### Work to be completed
Beginning at the line with "下拉列表,找到未知来源下载和外部来源应用检查。", please repeat each line exactly through the end of the records below, including that first line and the last, but no pictures.

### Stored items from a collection
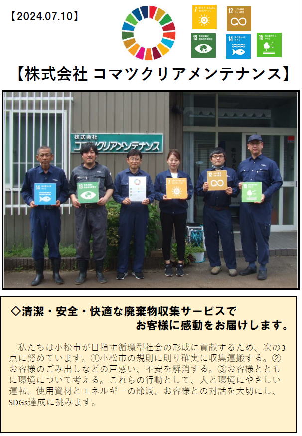 小松市のホームページ内の「SDGs宣言しませんか?」のページにてSDGs宣言 いたしました。 社員一同、目標達成に向けてがんばります。
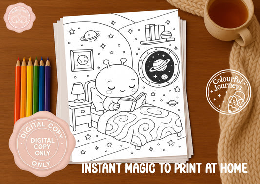 Cute space Coloring Book | 30 Illustration Printable Digital Download | Cute Space themed
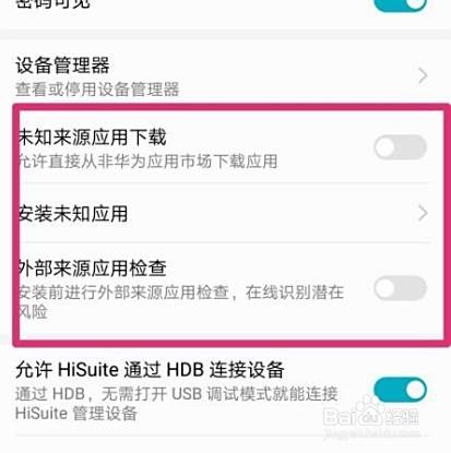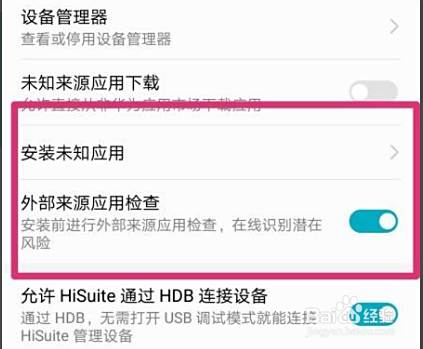 下拉列表,找到未知来源下载和外部来源应用检查。
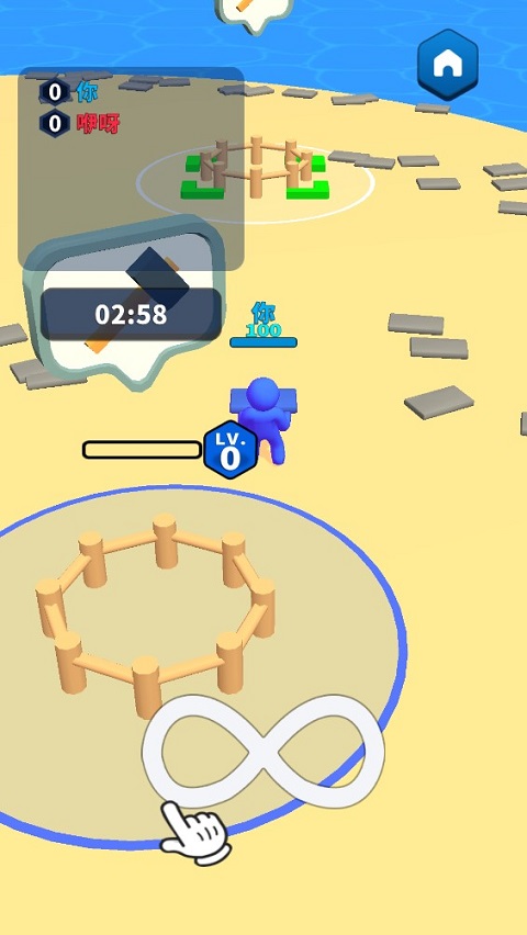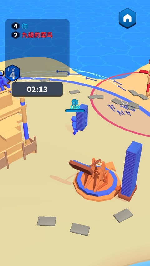 3、不断的收集木块,并建造更高级的建筑,利用建筑优势,击败对手。
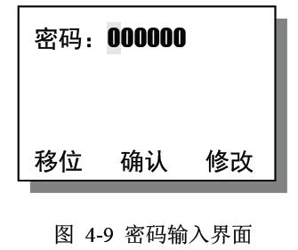设定初始密码为100000(密码修改在二级菜单有介绍);通过“移位(F1)”以及“修改(F3)”键将密码设置正确后,最后按“确认(F2)”键.若密码正确,则进入系统菜单进行参数修改;不正确,则显示“密码错误!”,然后退回到进入密码页面前的主界面.本设计有三级菜单项,每一级菜单对应一个密码,输入相对应的密码即可进入菜单项,如图4-9.

### Your response
 下拉列表,找到未知来源下载和外部来源应用检查。
 3、不断的收集木块,并建造更高级的建筑,利用建筑优势,击败对手。
设定初始密码为100000(密码修改在二级菜单有介绍);通过“移位(F1)”以及“修改(F3)”键将密码设置正确后,最后按“确认(F2)”键.若密码正确,则进入系统菜单进行参数修改;不正确,则显示“密码错误!”,然后退回到进入密码页面前的主界面.本设计有三级菜单项,每一级菜单对应一个密码,输入相对应的密码即可进入菜单项,如图4-9.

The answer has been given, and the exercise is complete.